Hi Irwing, Have you read 150 years of the Maltese Cross, the story of Tyne, Blyth and Wear tug Companies by John Proud. regards Pete.


----------



## Irwing (Sep 7, 2009)

peteb said:


> Hi Irwing, Have you read 150 years of the Maltese Cross, the story of Tyne, Blyth and Wear tug Companies by John Proud. regards Pete.


Hi Pete,

No I have not. From looking online I understand it is out of print; does it contain much information about the Irwings?


----------



## MNEWBY (Oct 9, 2006)

Hi
The Irwing Company was indeed started by Anthony Irwing in 1867 and the first tug was the paddle tug *Tarter.*
Anthony Irwing died in 10th September 1906 at the age of eighty.
The Company was registered at 1 Barrack Street Sunderland
In 1926 The company was converted into a Limited Company with James Irwing the MD.
In July 1934 the company was taken over by the France Fenwick Tyne & Wear Co Ltd.
*Tugs were*: *Tarter,Pilot,Stag(1),Florence,Flying Arrow,Admiral, Silksworth,General Gordon, Norfolk Hero,Lord Derby,Pactolus, Stag (4),Conqueror(1), Agamemnon, Granville,Anthony Irwing, and the King George VII*
Hope this is of some help
Regards


----------



## peteb (Apr 24, 2007)

Irwing said:


> Hi Pete,
> 
> No I have not. From looking online I understand it is out of print; does it contain much information about the Irwings?
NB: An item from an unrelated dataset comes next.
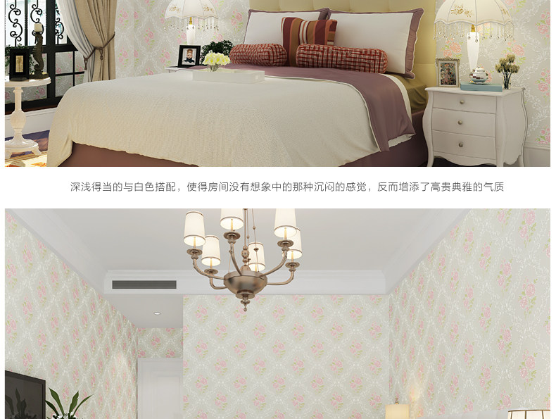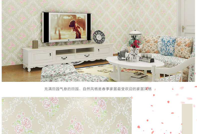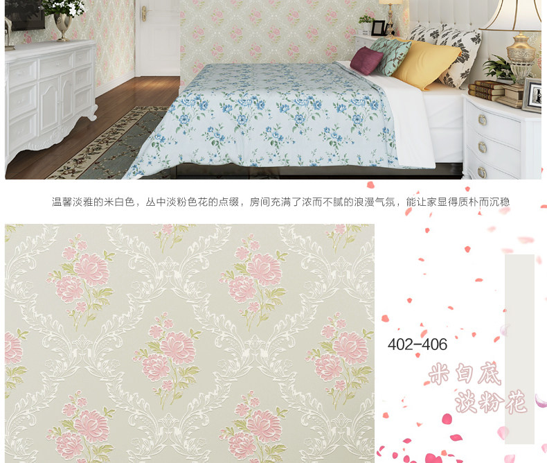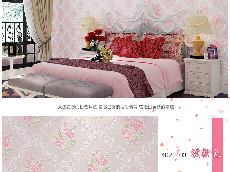 御纸世家 欧式田园3D无纺布壁纸 卧室温馨浪漫碎花简约婚房墙纸
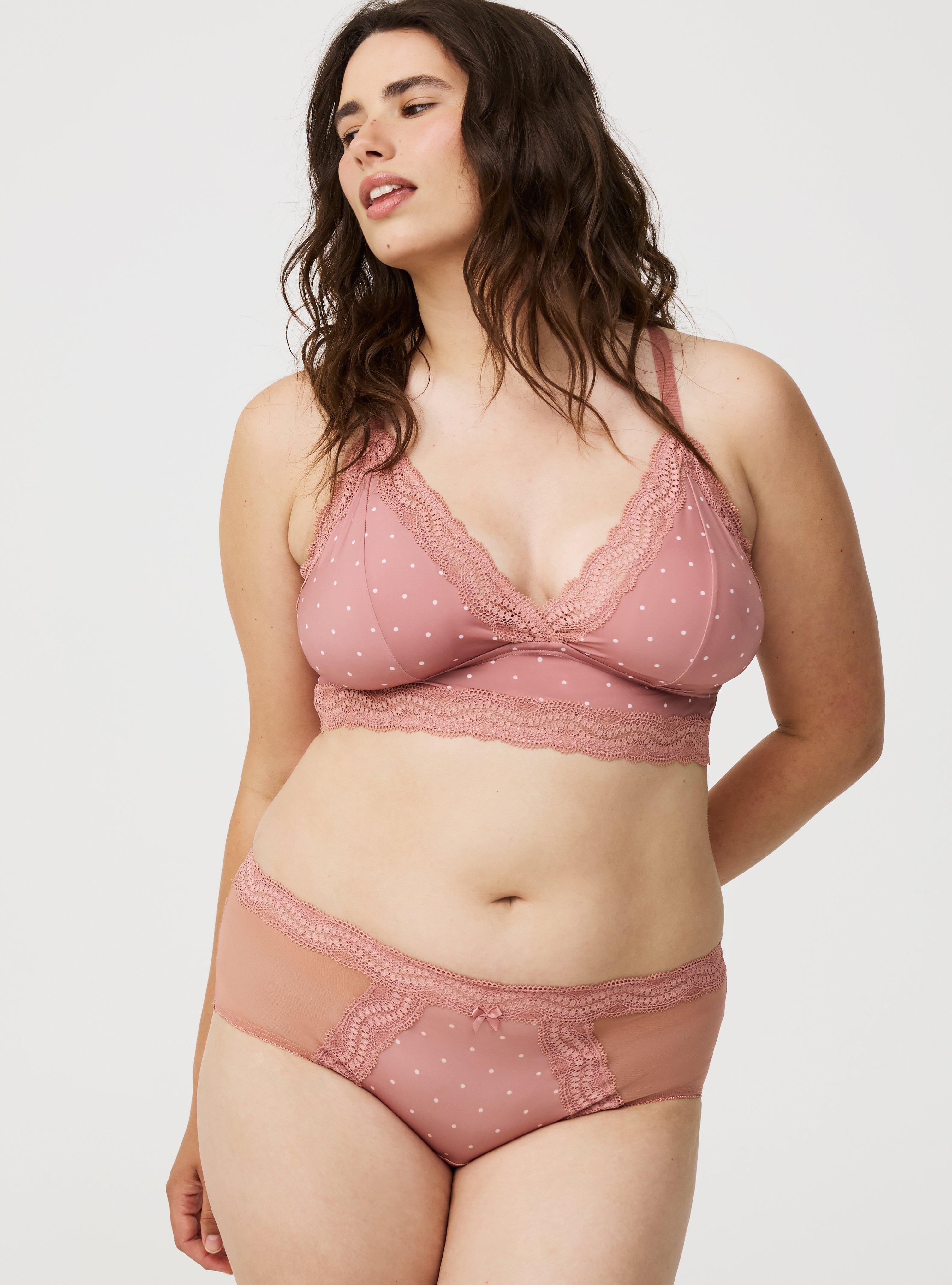FIT Mid rise. Minimal coverage. MATERIALS + CARE Microfiber & mesh knit fabric: 79% nylon, 21% spandex. Machine wash cold. Tumble dry low. Imported. DETAILS Elastic waistband. Ruched back. Lace trim.

Chapter thirteen of the book deals with the Irwing Companies, I'm sure you will find all the information you require in there. You sometimes find a copy for sale on E-bay under tugs. regards Pete.


----------



## Stephen Swinhoe (Aug 17, 2005)

The last tug on Mike's list should be King Edward VII and not King George VII.
Cheers,
Steve


----------



## MNEWBY (Oct 9, 2006)

Stephen Swinhoe said:


> The last tug on Mike's list should be King Edward VII and not King George VII.
> Cheers,
> Steve


Whoops
Thanks Steve you are absolutly right.
Regards
Mike


----------



## Irwing (Sep 7, 2009)

Thank you very much to all of you for the information provided. I did not realise just how many tugs the family owned over the years.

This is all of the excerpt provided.